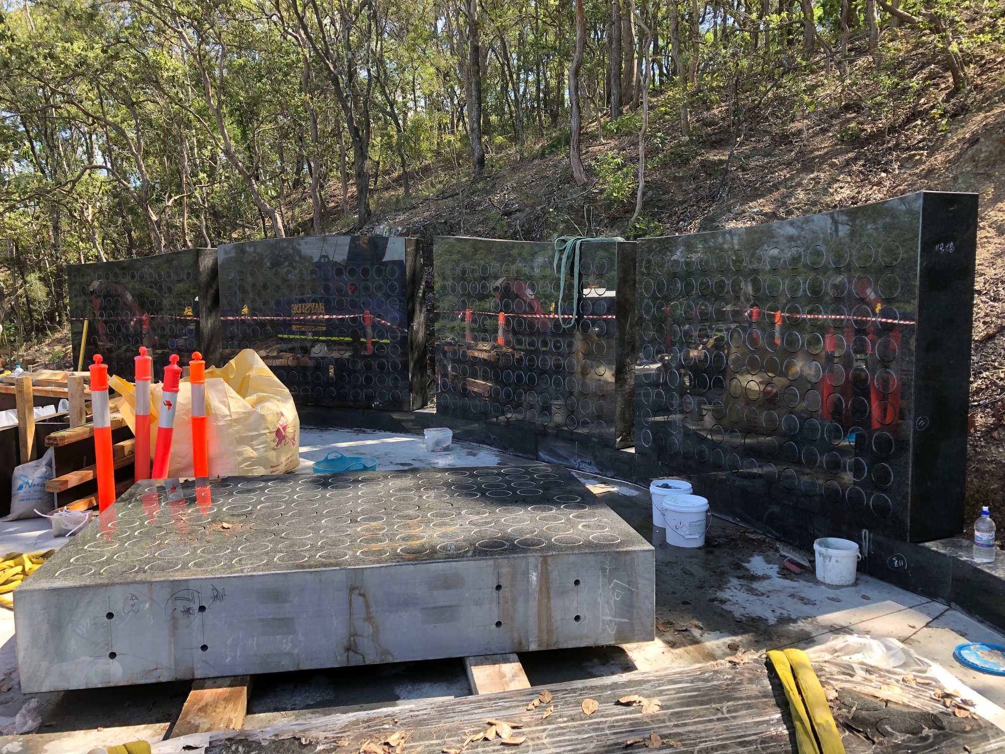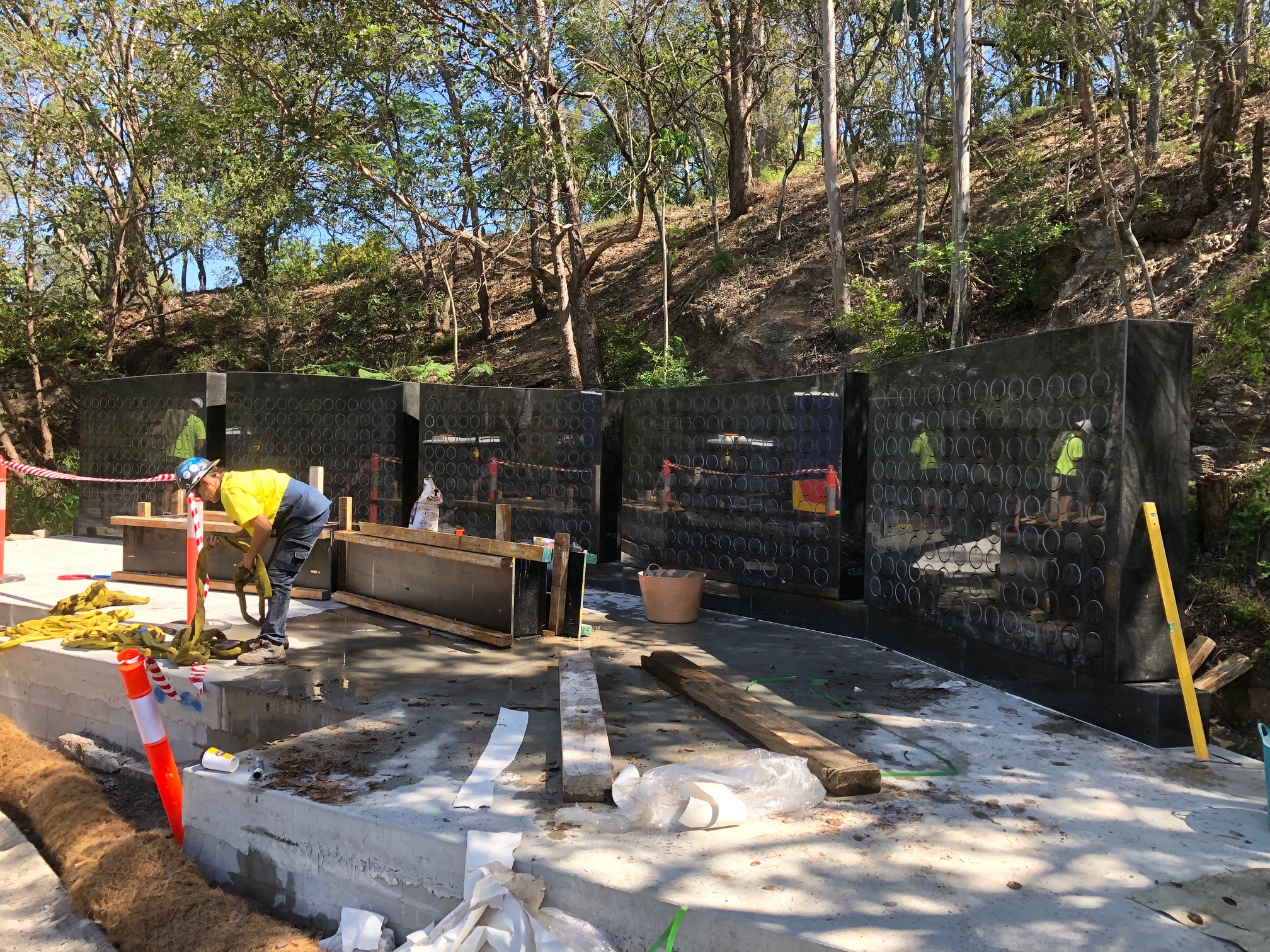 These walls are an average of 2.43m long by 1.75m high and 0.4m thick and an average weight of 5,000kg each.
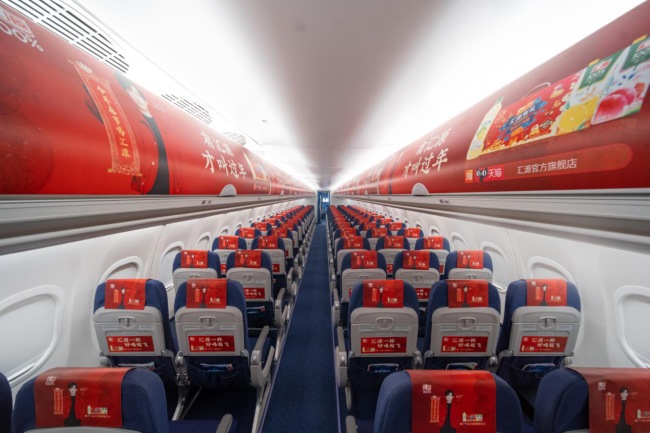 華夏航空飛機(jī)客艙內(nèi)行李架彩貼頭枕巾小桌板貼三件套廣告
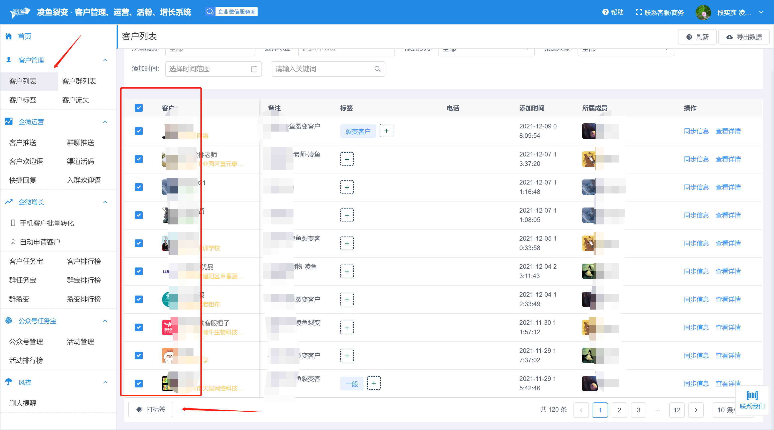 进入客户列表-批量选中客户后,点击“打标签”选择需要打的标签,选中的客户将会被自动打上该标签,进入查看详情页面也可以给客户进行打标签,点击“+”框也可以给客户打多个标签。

**Assignment**
Every line above gets copied exactly; none of the pictures do.

**Exercise output**
 These walls are an average of 2.43m long by 1.75m high and 0.4m thick and an average weight of 5,000kg each.
 華夏航空飛機(jī)客艙內(nèi)行李架彩貼頭枕巾小桌板貼三件套廣告
 进入客户列表-批量选中客户后,点击“打标签”选择需要打的标签,选中的客户将会被自动打上该标签,进入查看详情页面也可以给客户进行打标签,点击“+”框也可以给客户打多个标签。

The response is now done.